Con “El Tiempo” a su favor, el cantante Ricky Bernard ahora traza su camino en el ambiente musical como solista.

En su sueño de conquistar corazones, Jorge Ricardo Quiñones Bernard fue creciendo sobre los escenarios en los espectáculos de talentos a nivel de toda la Isla, saliendo siempre por la puerta ancha.

Esos primeros aplausos llenaron al intérprete de energía para comenzar a pensar en grande, hasta llegar a la meta que se ha propuesto: ser respetado a nivel internacional y bandera de su país.

Ricky Bernard, nacido en Bayamón, pero criado en Toa Baja, convirtió la guitarra en su cómplice para que compartir el sentimiento que lleva dentro de su ser.

Definitivamente, los dos años y medio en que fungió como corista de Arcángel fueron fundamentales para el desarrollo artístico del exponente musical.
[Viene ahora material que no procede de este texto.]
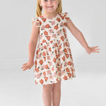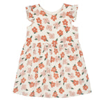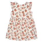 This girl's dress features warm coral-hued blossoms. Designed with flutter sleeves, a classic round neckline, and a gathered waist for a twirl-worthy skirt.
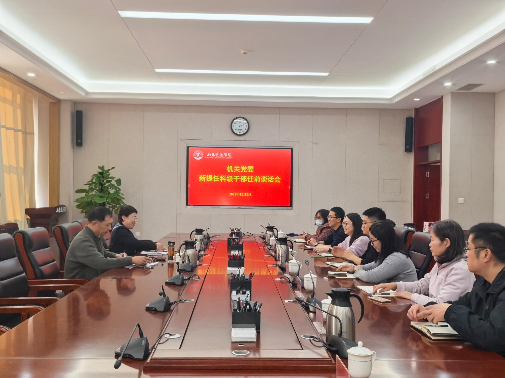 12月2日,机关党委在长清校区明德楼会议室召开新提任科级干部集体谈话会。学校纪委副书记、机关党委纪检委员程伟渊出席会议并进行廉政谈话,机关党委书记闫荣双主持会议并提出工作要求。

Como parte del equipo de “La Maravilla”, Ricky Bernard recorrió países como Colombia, Honduras, Perú, Chile, República Dominicana, México y Ecuador, mercados que de seguro le abrirán nuevamente la puerta, porque su rostro es familiar y su voz conocida.

Aquel niño que atesoraba cada micrófono que encontraba a su paso porque era el instrumento indispensable para entonar sus primeras melodías y así captar la atención de familiares y amigos, hoy lo valora más porque conmueve a multitudes.

“Mi música se distingue porque transmite mi esencia como artista y cada canción tiene vida propia. Hoy busco un lugar en el escenario, ya que es mi tiempo. Es el momento apropiado para cumplir mi meta, tras años de desvelo y compromiso con el escenario, con el público…”, subrayó el cantante.

Ahora es “El Tiempo” -nombre de su sencillo- de Ricky Bernard, ábrele tu corazón.